Summer dormancy is the flip. Subulatas fold their cards and sometimes don’t return to the table if summer heat gets too high or is too prolonged. You see them as staples in the Mid-Atlantic, the Carolinas, Southern Appalachia, the Central Plains, the Ozarks, and dotted throughout the Mountain West; however, the Gulf Coast region turns away from subulata as a perennial. There it’s used as a cute annual planted in February or March. Southern Texas often switches over to drummondii, a bright red annual phlox and a native son (but no relation to Drummond’s Pink).

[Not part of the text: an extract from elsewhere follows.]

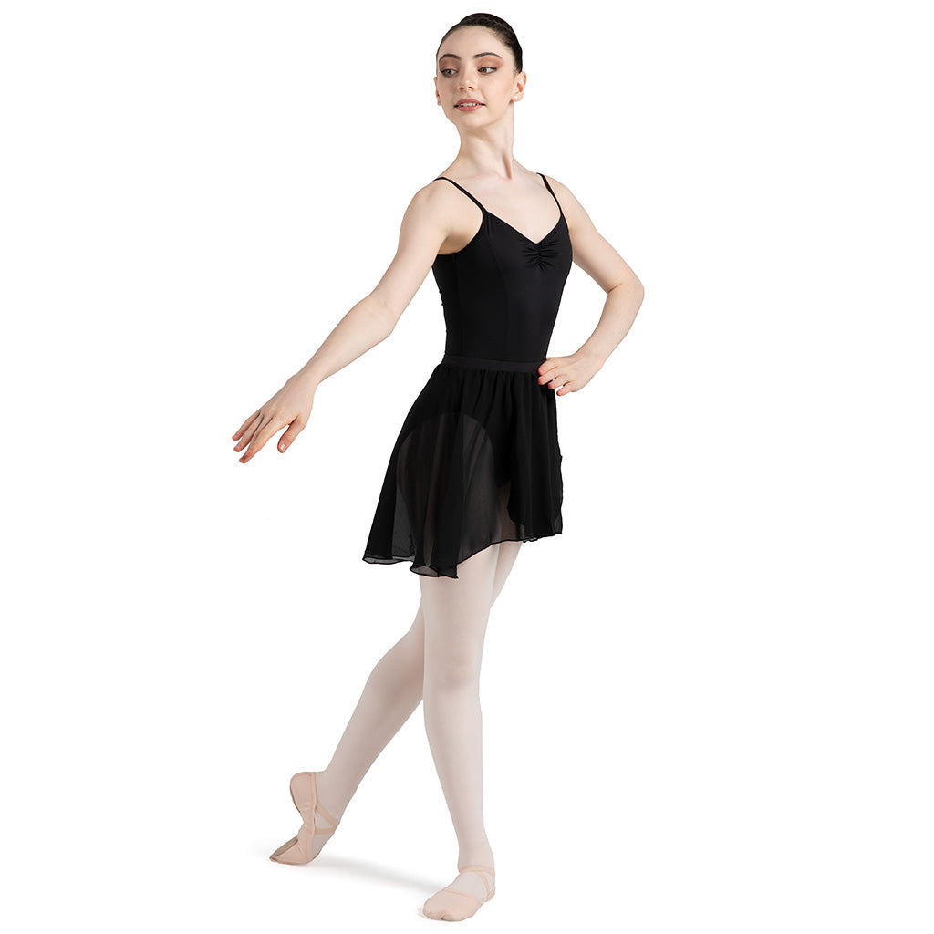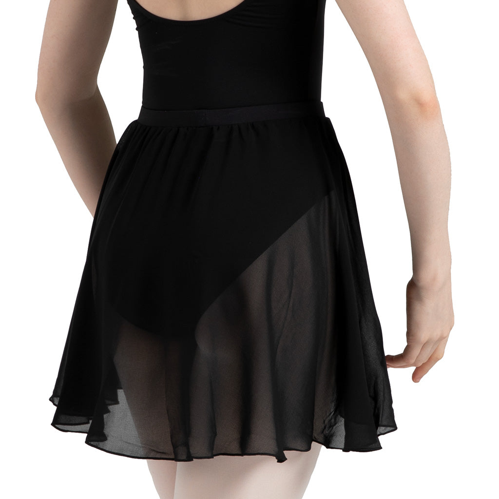 The Chezanne is a classical style skirt featuring a full circle design and mock wrap front. Crafted on an elasticated waistband for easy wear, with luxuriously soft chiffon that falls to the upper thigh.

Phlox Trot has a fanbase that admires its beefy stance. As a quadriploid, the plant is muscular in color, growth and habit. This photo shows a specimen of Trot next to some Spanish Lavender.
Phlox 'Trot Pink'
Improvements in New Breeding
Although the classics have the subulata character well established and well respected, some areas of improvement do exist. One example is the timing window. Subulata cultivars can bloom weeks apart from one another, and the plants don’t hold well once in color. If you want to empty the house regardless of the color mix within, Syngenta’s GoldiPhlox series is just right. Bred for logistics, all six colors have consistent height and bloom within a week of each other.
GoldiPhlox 'White' is especially promising. The current best-selling white, 'Snowflake', produces a pure, clean white with a beautiful habit, but the cultivar doesn’t grow much in the garden and tends to disappear after two or three years. A clear white that keeps up with the reds and pinks is worth investigating as a replacement.

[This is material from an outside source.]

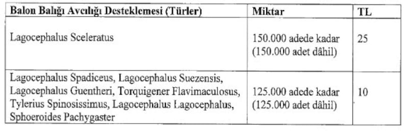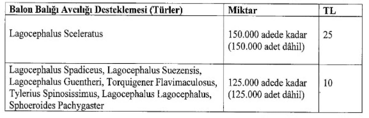 Karara göre balon balığını avlayan balıkçılara tane başı 25 TL, diğer türlerini avlayanlara da 10 TL destek ödemesi yapılacak.
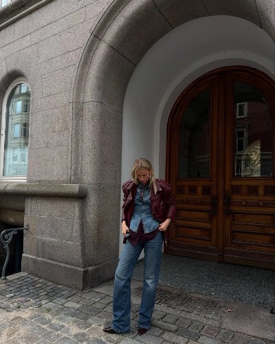 2. Джинсы + бордовая блузка на пуговицах + бордовая кожаная куртка + сапоги

Syngenta also offers Phlox 'Trot Pink', a gorilla among subulatas. Everything is just bigger. Each flower is the size of a quarter. A cutting is fuller so you can stick one where you might have stuck two. Stems grow thicker before they fuzz out with needle-like leaves.
Proven Winners hybridized their subulatas with an eye towards overall vigor, a part of their bigger-is-better breeding style. The Spring Bling series mounds bigger and blooms with larger flowers. One flower does the work of two, and the large size helps the blooms hang onto the stems longer for a wider season of color. The strength helps to resist the stresses of summer, and the habit moves away from low, knitted beds and more towards discrete mounding like decor specimens.

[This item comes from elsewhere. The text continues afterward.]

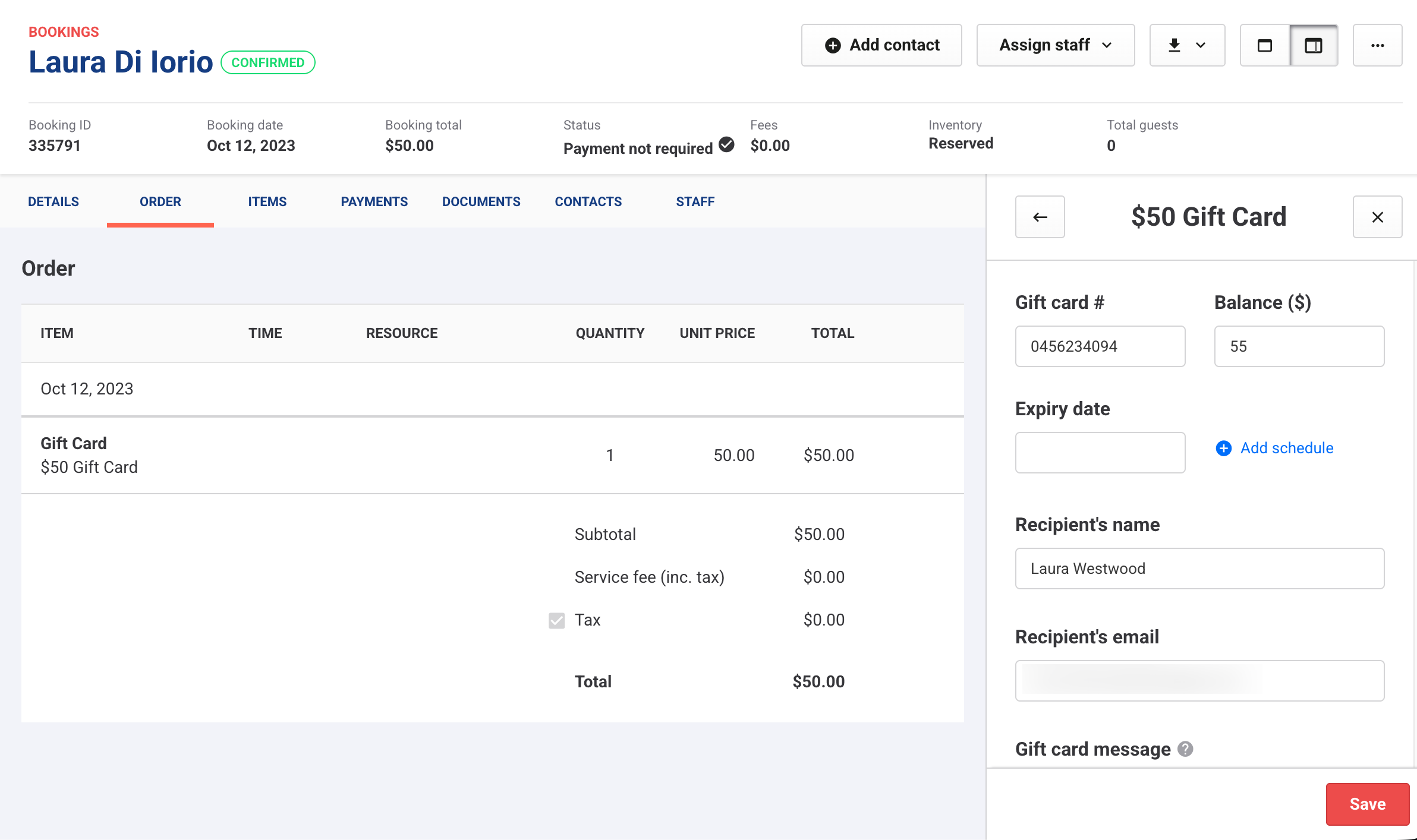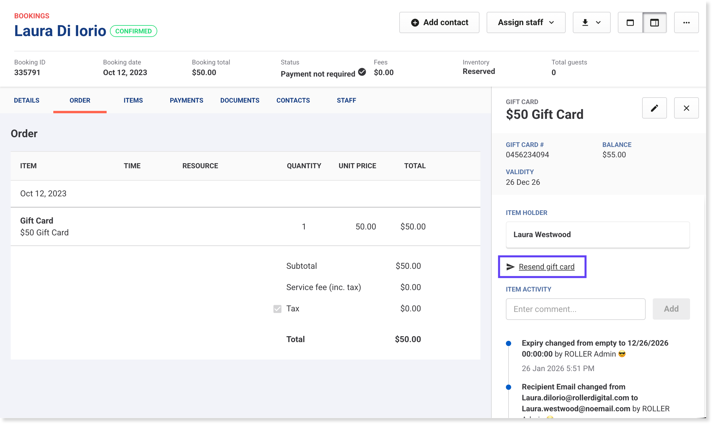 Or search for the booking, then from the booking's Items tab, select the gift card item to view gift card details.

Violet Pinwheels offers the deepest blues by pulling in some bifida genetics into the breeding. Blue Moon is the best selling divaricata, but Blue Ribbon has truly neat varigation in the foliage. Ruby Riot is a vigorous hybrid shown in front of Polemonium 'Heaven Scent' for scale.
'Violet Pinwheels' | 'Blue Ribbons' | Spring Bling 'Ruby Riot' |
Other Early Phloxes
Although subulata has the landscaping strength, other phlox species have their own significant features for the garden center and breeding companies have locked onto them.
- Darwin has released the Spring Splash series at CAST this year. These are stolonifera hybrids that begin to bloom just as subulata falls off for the season. The flowers are similar, but the habit is puffed up and rounded in a decor style. Plants grow about a foot high and can handle light shade.
- Following stolonifera is divaricata, comprised of woodland phloxes that thrive at the edges of meadows and forests. Today, that habitat translates to the yard-and-tree mix found in many home gardens and neighborhoods. Divaricatas strongly prefer the dappled shade; do not plant them in full sun. 'Blue Moon' and 'Blue Ribbons' are the most popular varieties. Darwin also plans to release some new divaricata material next year.
- ChicagoLand Grows has released a couple of bifida hybrids, 'Violet Pinwheels' and 'Perfectly Puzzling', and they plan to release more next year. Colors are more saturated and dappling is more common.